Listed entries below:
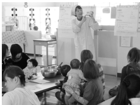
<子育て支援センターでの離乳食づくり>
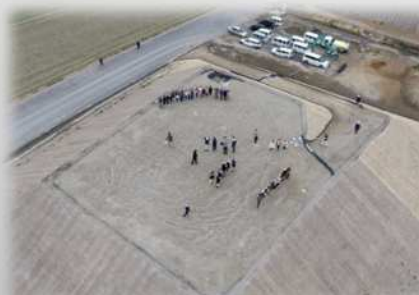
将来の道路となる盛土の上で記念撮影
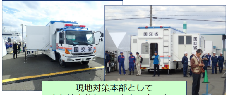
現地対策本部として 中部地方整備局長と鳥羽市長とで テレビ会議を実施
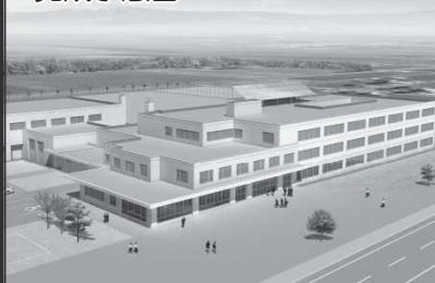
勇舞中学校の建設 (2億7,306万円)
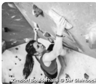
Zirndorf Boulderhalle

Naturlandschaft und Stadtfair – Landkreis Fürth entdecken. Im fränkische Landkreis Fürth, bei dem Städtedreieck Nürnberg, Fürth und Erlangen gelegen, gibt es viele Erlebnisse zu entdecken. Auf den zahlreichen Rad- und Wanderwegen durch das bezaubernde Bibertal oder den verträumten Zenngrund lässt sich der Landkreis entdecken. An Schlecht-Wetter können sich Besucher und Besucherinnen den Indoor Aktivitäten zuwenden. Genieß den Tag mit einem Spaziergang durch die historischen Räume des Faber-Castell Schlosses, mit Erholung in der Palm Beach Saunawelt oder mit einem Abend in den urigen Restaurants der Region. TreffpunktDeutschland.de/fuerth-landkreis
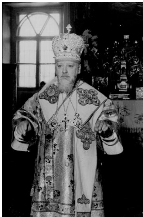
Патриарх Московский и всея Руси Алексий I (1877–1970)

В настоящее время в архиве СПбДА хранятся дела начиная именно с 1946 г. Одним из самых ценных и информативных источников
End of Listed entries.
Your goal — Only the pictures should be left out; write out everything else in the records exactly.

Solution to the exercise —
<子育て支援センターでの離乳食づくり>
将来の道路となる盛土の上で記念撮影
現地対策本部として 中部地方整備局長と鳥羽市長とで テレビ会議を実施
勇舞中学校の建設 (2億7,306万円)
Zirndorf Boulderhalle

Naturlandschaft und Stadtfair – Landkreis Fürth entdecken. Im fränkische Landkreis Fürth, bei dem Städtedreieck Nürnberg, Fürth und Erlangen gelegen, gibt es viele Erlebnisse zu entdecken. Auf den zahlreichen Rad- und Wanderwegen durch das bezaubernde Bibertal oder den verträumten Zenngrund lässt sich der Landkreis entdecken. An Schlecht-Wetter können sich Besucher und Besucherinnen den Indoor Aktivitäten zuwenden. Genieß den Tag mit einem Spaziergang durch die historischen Räume des Faber-Castell Schlosses, mit Erholung in der Palm Beach Saunawelt oder mit einem Abend in den urigen Restaurants der Region. TreffpunktDeutschland.de/fuerth-landkreis
Патриарх Московский и всея Руси Алексий I (1877–1970)

В настоящее время в архиве СПбДА хранятся дела начиная именно с 1946 г. Одним из самых ценных и информативных источников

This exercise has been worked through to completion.